Supplied entries –
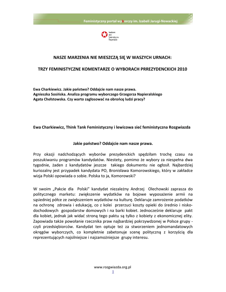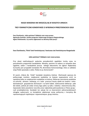 NASZE MARZENIA NIE MIESZCZĄ SIĘ W WASZYCH URNACH: TRZY FEMINISTYCZNE KOMENTARZE O WYBORACH PRREZYDENCKICH 2010 Ewa Charkiewicz. Jakie państwo? Oddajcie nam nasze prawa. Agnieszka Sosińska. Analiza programu wyborczego Grzegorza Napieralskiego Agata Chełstowska. Czy warto zagłosować na obrońcę ludzi pracy? Ewa Charkiewicz, Think Tank Feministyczny i lewicowa sieć feministyczna Rozgwiazda Jakie państwo? Oddajcie nam nasze prawa. Przy okazji nadchodzących wyborów prezydenckich spędziłam trochę czasu na poszukiwaniu programów kandydatów. Niestety, pomimo że wybory za niespełna dwa tygodnie, żaden z kandydatów jeszcze takiego dokumentu nie ogłosił. Najbardziej kuriozalny jest przypadek kandydata PO, Bronisława Komorowskiego, który w zakładce wizja Polski opowiada o sobie. Polska to ja, Komorowski? W swoim „Pakcie dla Polski” kandydat niezależny Andrzej Olechowski zaprasza do politycznego marketu: zwiększenie wydatków na bojowe wyposażenie armii na sąsiedniej półce ze zwiększeniem wydatków na kulturę. Deklaruje zamrożenie podatków na ochronę zdrowia i edukację, co z kolei przerzuci koszty opieki do średnio i niskodochodowych gospodarstw domowych i na barki kobiet. Jednocześnie deklaruje pakt dla kobiet, jednak jak widać stroną tego paktu są tylko z kobiety z ekonomicznej elity. Zapowiada także powołanie rzecznika praw najbardziej pokrzywdzonej w Polsce grupy czyli przedsiębiorców. Kandydat ten optuje też za stworzeniem jednomandatowych okręgów wyborczych, co kompletnie zabetonuje scenę polityczną z korzyścią dla reprezentujących najsilniejsze i najzamożniejsze grupy interesu. www.rozgwiazda.org.pl 1 Wypowiedzi programowe są fragmentaryczne i niespójne, a kandydaci zajmują się przede wszystkim polityką wizerunku. Zaczęłam się więc przyglądać kilku dokumentom programowym partii politycznych, bo właśnie w nich wizje Polski są zawarte. Wśród dokumentów Prawa i Sprawiedliwości znajduję ogłoszony w styczniu tego roku projekt Konstytucji. Jest to kolejna odsłona, bo PiS projekt radykalnej zmiany Konstytucji przedstawił już w 2005 roku. (Jego przygotowaniem kierował Kazimierz Ujazdowski, wówczas w PiS, obecnie w PO, a niezmiennie wczoraj, jak i dziś związany z Opus Dei.) W zasadzie można mówić o renowacji czy liftingu poprzedniego projektu Konstytucji, gdyby nie to, że w nowej wersji jest kilka bulwersujących zmian, w tym zniknięcie zapisu o prawach kobiet. Jak widać, feministyczna twarz PiSu, Joanna Kluzik Rostkowska służy dekoracji. W tegorocznym projekcie Konstytucji według PiS kobieta pojawia się tylko w kontekście definicji małżeństwa jako związku kobiety i mężczyzny, oraz w roli ciężarnej matki – pojemnika na dziecko. Likwidacja zapisów o prawach kobiet nie jest przypadkiem - jest konsekwencją odejścia od prawo-człowieczej ramy Konstytucji z 1997 roku. O Konstytucji z 1997 roku nostalgicznie Czytana w obecnych czasach zaawansowanego POPiSizmu (czyli wybuchowej mieszanki konserwatyzmu obyczajowego z neoliberalizmem ekonomicznym) Konstytucja uchwalona w 1997 roku sprawia egzotyczne wrażenie. Pracownikom daje prawo do strajku, do bezpiecznych i higienicznych warunków pracy, do płacy minimalnej i do maksymalnych norm czasu pracy. Władze publiczne zobowiązane są do prowadzenia polityki pełnego zatrudnienia. Każdy ma prawo do zabezpieczenia społecznego i niezależnie od sytuacji materialnej - do ochrony zdrowia, finansowanej ze środków publicznych, jak i do bezpłatnej edukacji. Wśród praw człowieka i obywatela Konstytucja z 1997 roku wymienia ochronę praw lokatorów oraz zobowiązuje państwo do prowadzenia polityki sprzyjającej zaspokojeniu potrzeb mieszkaniowych i wspierania budownictwa socjalnego. Dzieci same mają prawa, a rodzice mają prawo do pomocy w ich wychowaniu. Konstytucja z 1997 roku ma również wyraźne mankamenty (brak praw reprodukcyjnych i seksualnych), niemniej odwołuje się do retoryki praw człowieka, gwarantując kobietom i mężczyznom równe prawa w życiu rodzinnym, politycznym, społecznym i gospodarczym: do kształcenia, zatrudnienia, awansów, jednakowego wynagrodzenia za pracę jednakowej wartości, do zabezpieczenia społecznego oraz do piastowania stanowisk i pełnienia funkcji i godności publicznych. www.rozgwiazda.org.pl 2 Warto też zwrócić uwagę, iż w Konstytucji z 1997 roku znalazł się zapis o społecznej gospodarce rynkowej. Autorzy Konstytucji oparli się na wzorze powojennych Niemiec Adenauera, gdzie nowe państwo nie mogąc odwołać się do nazistowskiej historii znalazło wyjście z tej sytuacji, uprawomocniając się przez wzrost gospodarczy i bogactwo. Autorzy koncepcji społecznej gospodarki rynkowej zakładali rozdział między rynkiem a społeczeństwem oraz wdrażali politykę społeczną, która wspierała rynek poprzez zabezpieczenie rodziny i utrzymanie sfery społecznej, aby ludzie mogli pracować i kupować. Polityka gospodarcza i społeczna prowadzona w Polsce, szczególnie od czasu tzw. reform Buzka, odwołuje się do radykalnego amerykańskiego neoliberalizmu, opierającego się na negacji podziału na rynek i społeczeństwo. „Chłopcy z Chicago” jak ich nazwano, wprowadzają logikę rynku (efektywność, konkurencyjność) i zasady zarządzania przedsiębiorstwami do sfery społecznej. Ochrona zdrowia, edukacja, ubezpieczenia społeczne, kultura zostają włączone w obszar rynku, a szpital, szkoła, muzeum czy państwo funkcjonują jak firmy. Uprzywilejowanymi podmiotami państwaprzedsiębiorstwa stają się inwestorzy, obywatele przeobrażeni zostają w klientów, a ich wartość wiązana jest z siłą nabywczą. Kobiety mają dodatkową wartość reprodukcyjną, z tym, że koszty reprodukcji społecznej przerzucane są na ich barki. W tej sytuacji , niepodzielne i uniwersalne prawa człowiek, a w szczególności prawa socjalne są marginalizowane. Neoliberalny model polityki gospodarczej i społeczn
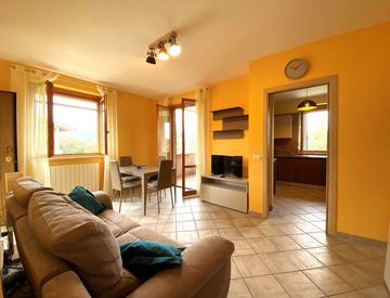 Internamente l’immobile si compone di luminoso pranzo-soggiorno con accesso a terrazza coperta e panoramica, ideale per pranzi all’aperto, cucinotto separato, capiente e funzionale, dotato di finestra, camera matrimoniale e camera doppia con accesso al balcone e un bagno finestrato con doccia.
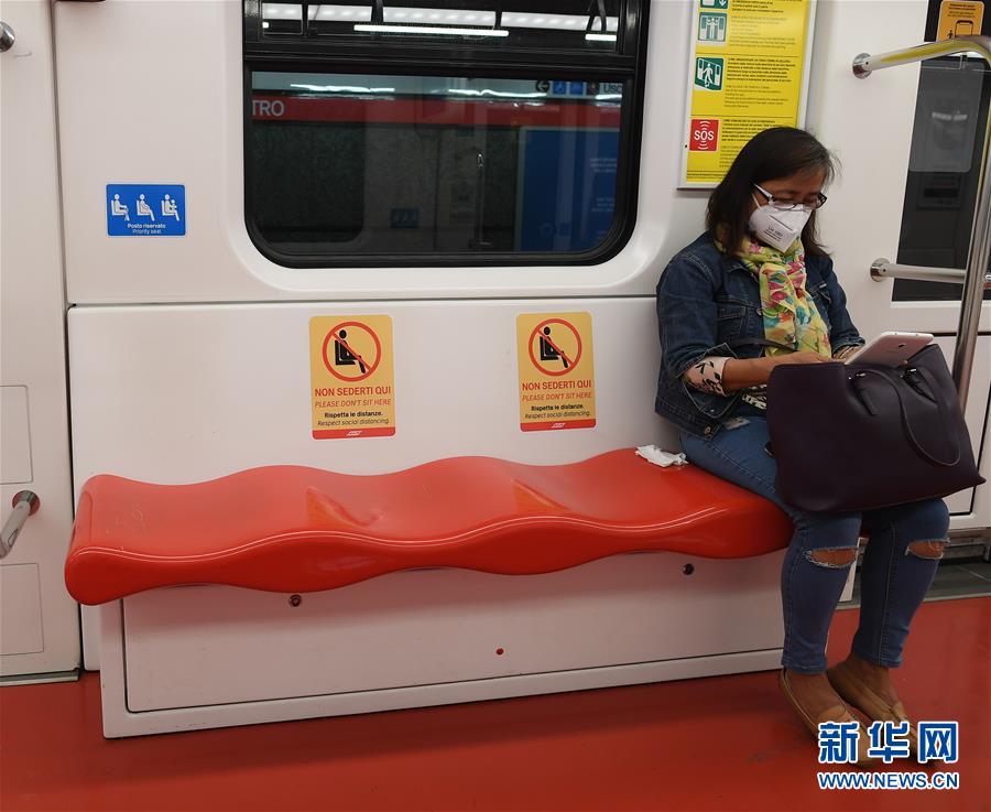 为了保证乘客的社交距离,避免新冠病毒的传播,意大利米兰的地铁车厢内增贴了一系列标识,提醒乘客在车厢内保持距离。 新华社发
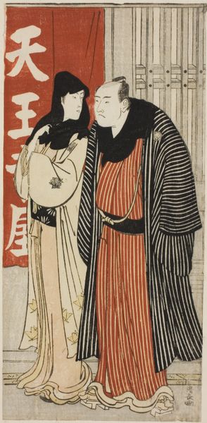 Curator: Before us is "The Dance of the Beach Maidens from the series Brocade of the East," a captivating woodblock print created by Torii Kiyonaga sometime between 1760 and 1780. What strikes you initially about this piece? Editor: Immediately, the physicality. Those slender poles the women carry across their shoulders supporting buckets are so finely rendered! I'm curious about the pigments, the specific dyes used to achieve those coral and black tones. You can almost feel the paper's texture. Curator: Indeed. The figures themselves, though serene, are loaded with symbolic meaning. The beach, for example, traditionally signified a liminal space in Japanese culture—a threshold between the mundane and the spiritual realms. Editor: Right, and their garments. I want to know where these clothes came from. We’re these kimonos something everyday or made for ceremonial work? How are the dyes integrated? Are they plant based? This isn't just a representation of daily life, it is the *thing* that tells the history of their world. Curator: Absolutely. The pine branch above, with its evergreen needles, suggests longevity and endurance. The artist is carefully constructing an idealized vision of feminine grace tied to these specific cultural touchstones. Notice the deliberate composition as well— the dynamic, yet harmonious balance of forms, directing the eye across the surface? It is evocative of classical themes as well! Editor: I do, and to bring us back to the material, there’s that amazing line quality that shows up when a skilled printer burnishes the paper on the woodblock! We’re talking multiple blocks, likely cherry wood—labor-intensive, highly skilled craftsmanship allowing the images to spread out. Curator: Precisely. The layering of meaning and technical expertise truly exemplifies the richness of ukiyo-e prints. Editor: Thinking about the social context really deepens the appreciation, doesn't it? Curator: It does indeed. Editor: Absolutely, it grounds the cultural symbols and speaks to its impact through the way it was made and where it may have spread. Curator: A perspective that is not lost as time continues.
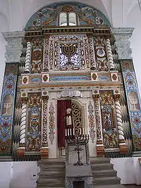 От стороны фасада, на обе стороны здания, находятся два отдельных, достроенных в второй половине XIX века, этажных альков в проекции квадрата 5,9 × 5,7 м, на фундаменте, поддерживаемые аркадами и накрыты отдельной крышей. Арки опираются на подогнанные к столбам аркады (тосканские полуколонны). Второй ярус альковов расчленён пилястрами и увенчан карнизом. Фасад главного зала от востока идентичен фасаду от севера и юга. Центральная часть имеет пивные (размеры: 6 × 5,25 × 2,35 м). Во времена функционирования религиозной общины использовались генизы.
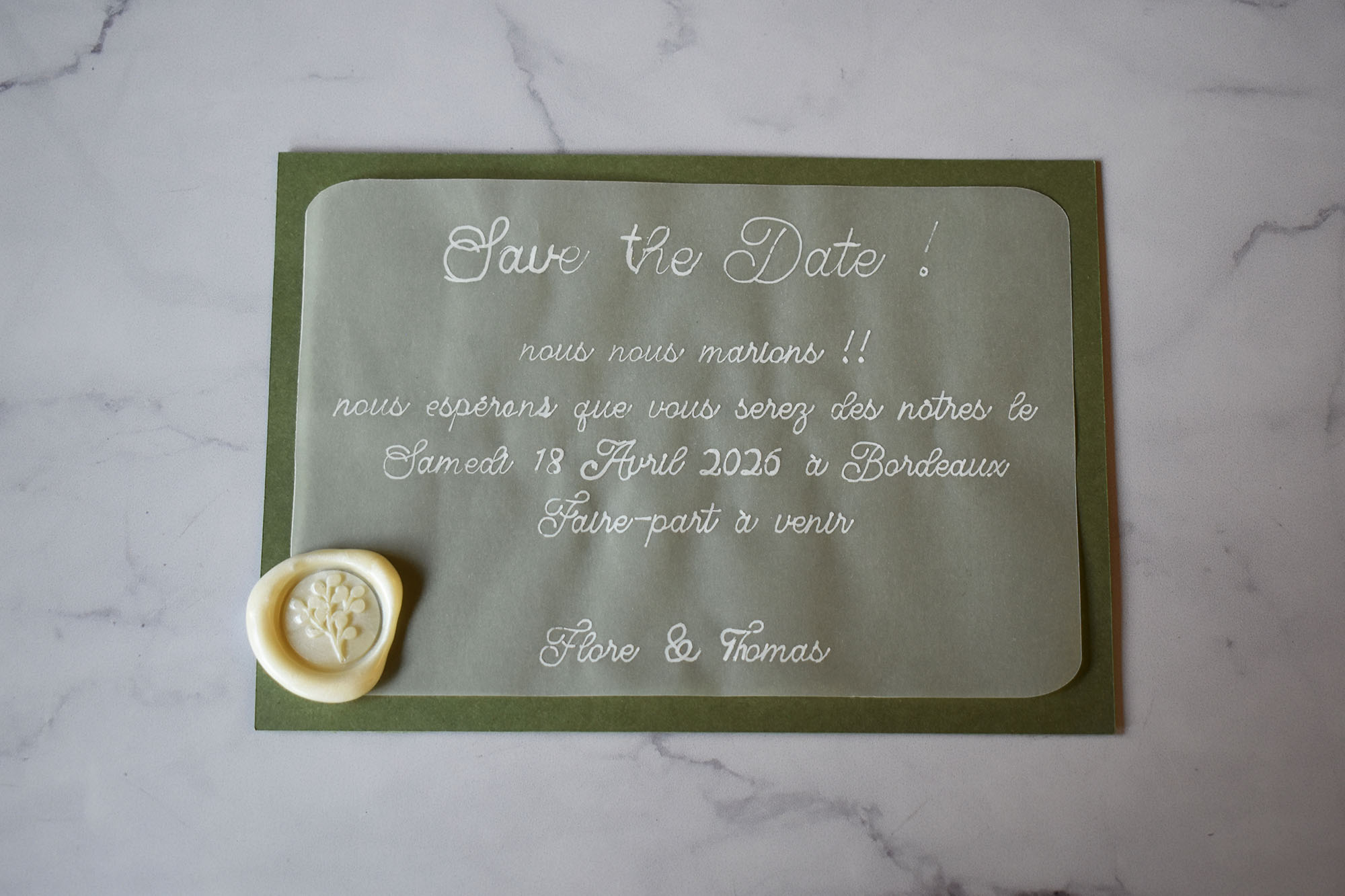 Pour les faire-part, remerciements, option brunch ou carton de retour, merci de charger votre texte personnalisé.
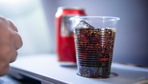 A glass of soda next to a can of the beverage, on the onboard service tray of the airplane, attended by flight attendants
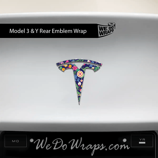 Floral Meadow Tesla Emblem Decals (Front + Back) | Model 3
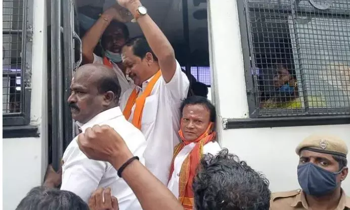 கோவையில், அங்காள பரமேஸ்வரி கோயிலை இடிக்கப்பட்டதை கண்டித்து போராட்டத்தில் ஈடுபட்ட இந்து மக்கள் கட்சியின் தலைவர் அர்ஜூன் சம்பத் உள்ளிட்டவர்கள் கைது செய்யப்பட்டுள்ள சம்பவம் அதிர்ச்சியை ஏற்படுத்தியுள்ளது.

To do – Word for word, reproduce each line from the one with "Floral Meadow Tesla" through the last line of the material above, both included, and drop the pictures.

Answer for the task –
 Floral Meadow Tesla Emblem Decals (Front + Back) | Model 3
 கோவையில், அங்காள பரமேஸ்வரி கோயிலை இடிக்கப்பட்டதை கண்டித்து போராட்டத்தில் ஈடுபட்ட இந்து மக்கள் கட்சியின் தலைவர் அர்ஜூன் சம்பத் உள்ளிட்டவர்கள் கைது செய்யப்பட்டுள்ள சம்பவம் அதிர்ச்சியை ஏற்படுத்தியுள்ளது.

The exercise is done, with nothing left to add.